The list of current Internet-Drafts can be accessed at
http://www.ietf.org/ietf/1id-abstracts.txt
The list of Internet-Draft Shadow Directories can be accessed at
http://www.ietf.org/shadow.html.
Abstract
This document contains the profile for Congestion Control
Identifier 3, TCP-friendly rate control (TFRC), in the
Datagram Congestion Control Protocol (DCCP). DCCP implements
a congestion-controlled unreliable datagram flow suitable for
use by applications such as streaming media. The TFRC CCID is
used by applications that want a TCP-friendly send rate,
Padhye/Floyd/Kohler [Page 1]
INTERNET-DRAFT Expires: April 2003 October 2002
possibly with Explicit Congestion Notification (ECN), while
minimizing abrupt rate changes.
Padhye/Floyd/Kohler [Page 2]
INTERNET-DRAFT Expires: April 2003 October 2002
Table of Contents
1. Introduction. . . . . . . . . . . . . . . . . . . . . . 4
1.1. Usage Scenario . . . . . . . . . . . . . . . . . . . 4
1.2. Example Half-Connection. . . . . . . . . . . . . . . 4
2. Connection Establishment. . . . . . . . . . . . . . . . 5
3. Congestion Control on Data Packets. . . . . . . . . . . 5
4. Acknowledgments . . . . . . . . . . . . . . . . . . . . 6
4.1. Congestion Control on Acknowledgments. . . . . . . . 6
4.2. Quiescence . . . . . . . . . . . . . . . . . . . . . 6
4.3. Acknowledgments of Acknowledgments . . . . . . . . . 7
5. Explicit Congestion Notification. . . . . . . . . . . . 7
6. Relevant Options and Features . . . . . . . . . . . . . 7
6.1. Window counter option. . . . . . . . . . . . . . . . 7
6.2. Elapsed time option. . . . . . . . . . . . . . . . . 8
6.3. Loss Event Rate Option . . . . . . . . . . . . . . . 8
6.4. Receive Rate Option. . . . . . . . . . . . . . . . . 8
6.5. ECN Nonce Option . . . . . . . . . . . . . . . . . . 8
7. Application Requirements. . . . . . . . . . . . . . . . 9
8. Design Considerations . . . . . . . . . . . . . . . . . 10
8.1. Determining Loss Events. . . . . . . . . . . . . . . 10
8.2. Sending Feedback Packets . . . . . . . . . . . . . . 11
9. Thanks. . . . . . . . . . . . . . . . . . . . . . . . . 12
10. References . . . . . . . . . . . . . . . . . . . . . . 12
11. Authors' Addresses . . . . . . . . . . . . . . . . . . 14
Padhye/Floyd/Kohler [Page 3]
INTERNET-DRAFT Expires: April 2003 October 2002
1. Introduction
This document contains the profile for Congestion Control Identifier
3, TCP-friendly rate control (TFRC), in the Datagram Congestion
Control Protocol (DCCP).
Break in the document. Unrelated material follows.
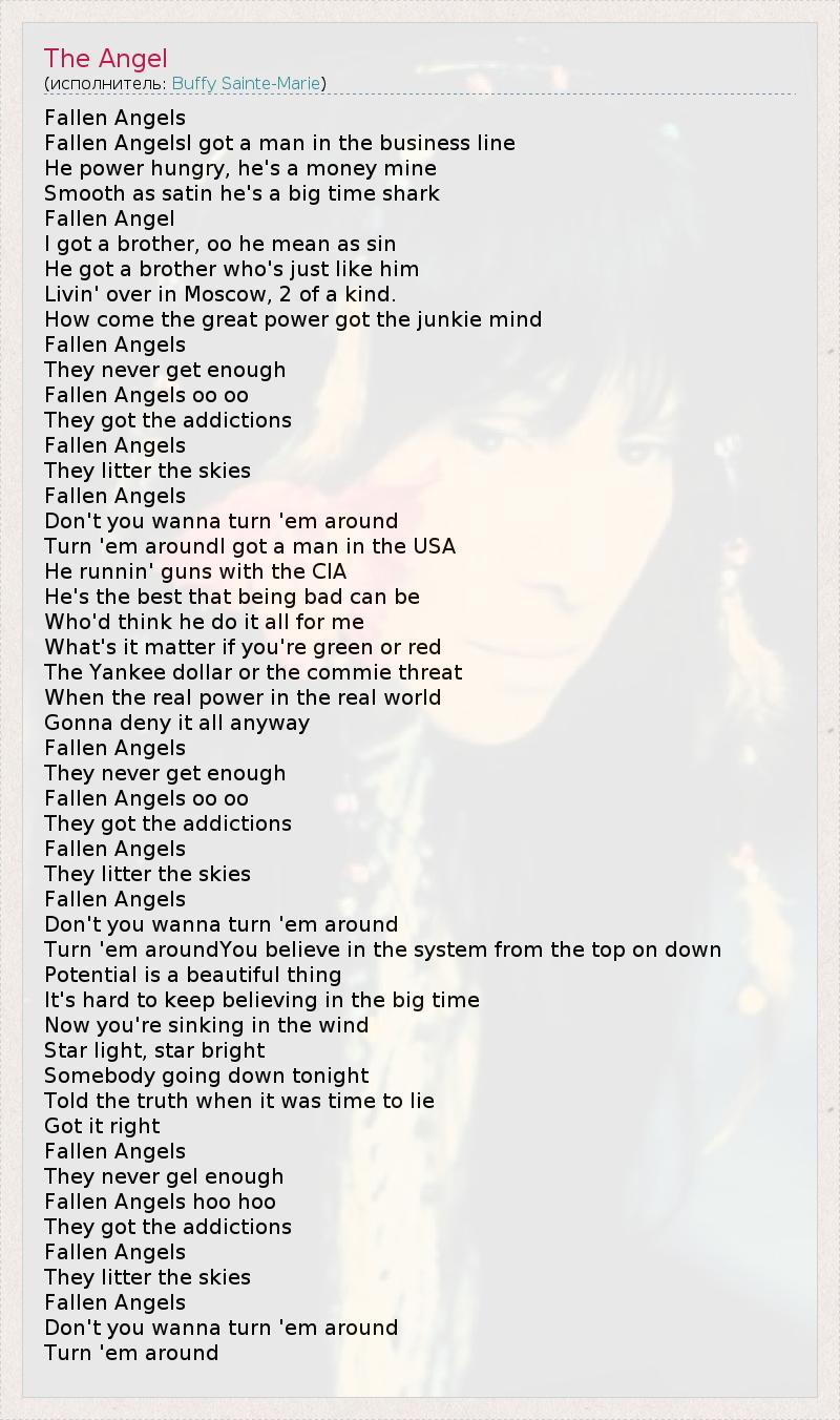 Fallen Angels Fallen AngelsI got a man in the business line He power hungry, he's a money mine Smooth as satin he's a big time shark Fallen Angel I got a brother, oo he mean as sin He got a brother who's just like him Livin' over in Moscow, 2 of a kind. How come the great power got the junkie mind Fallen Angels They never get enough Fallen Angels oo oo They got the addictions Fallen Angels They litter the skies Fallen Angels Don't you wanna turn 'em around Turn 'em aroundI got a man in the USA He runnin' guns with the CIA He's the best that being bad can be Who'd think he do it all for me What's it matter if you're green or red The Yankee dollar or the commie threat When the real power in the real world Gonna deny it all anyway Fallen Angels They never get enough Fallen Angels oo oo They got the addictions Fallen Angels They litter the skies Fallen Angels Don't you wanna turn 'em around Turn 'em aroundYou believe in the system from the top on down Potential is a beautiful thing It's hard to keep believing in the big time Now you're sinking in the wind Star light, star bright Somebody going down tonight Told the truth when it was time to lie Got it right Fallen Angels They never gel enough Fallen Angels hoo hoo They got the addictions Fallen Angels They litter the skies Fallen Angels Don't you wanna turn 'em around Turn 'em around

DCCP uses Congestion Control Identifiers,
or CCIDs, to specify the congestion control mechanism in use on a
half-connection. (A half-connection might consist of data packets
sent from DCCP A to DCCP B, plus acknowledgments sent from DCCP B to
DCCP A. DCCP A is the sending DCCP, and DCCP B the acknowledging
DCCP, for this half-connection.)
TFRC is a receiver-based congestion control mechanism that provides
a TCP-friendly send rate, while minimizing abrupt rate changes [1].
The basic TFRC protocol is as follows. The sender sends a stream of
data packets to the receiver at some rate. The receiver sends a
feedback packet to the sender at least once every round-trip time.
Based on the information contained in the feedback packets, the
sender adjusts its sending rate in accordance with the TCP
throughput equation [2], to maintain TCP-friendliness. If no
feedback is received from the receiver in several round-trip times
(four, in the current TFRC specification), the sender halves its
sending rate.
The values of the round-trip time RTT, the loss event rate p and the
base timeout value TO are needed by the sender to calculate the send
rate using the TCP throughput equation. The sender calculates the
values of RTT and TO, while the receiver calculates the value of p.
1.1. Usage Scenario
DCCP with TFRC congestion control is intended to provide congestion
control for the flow of data packets from the server to the client
for applications that do not require fully reliable data
transmission, or that desire to implement reliability on top of
DCCP. TFRC congestion control is appropriate for flows that would
prefer to minimize abrupt changes in the sending rate.
1.2. Example Half-Connection
This example, taken from the main DCCP draft, is of a half-
connection using TFRC Congestion Control specified by CCID 3. The
"sender" is the HC-Sender, and the "receiver" is the HC-Receiver.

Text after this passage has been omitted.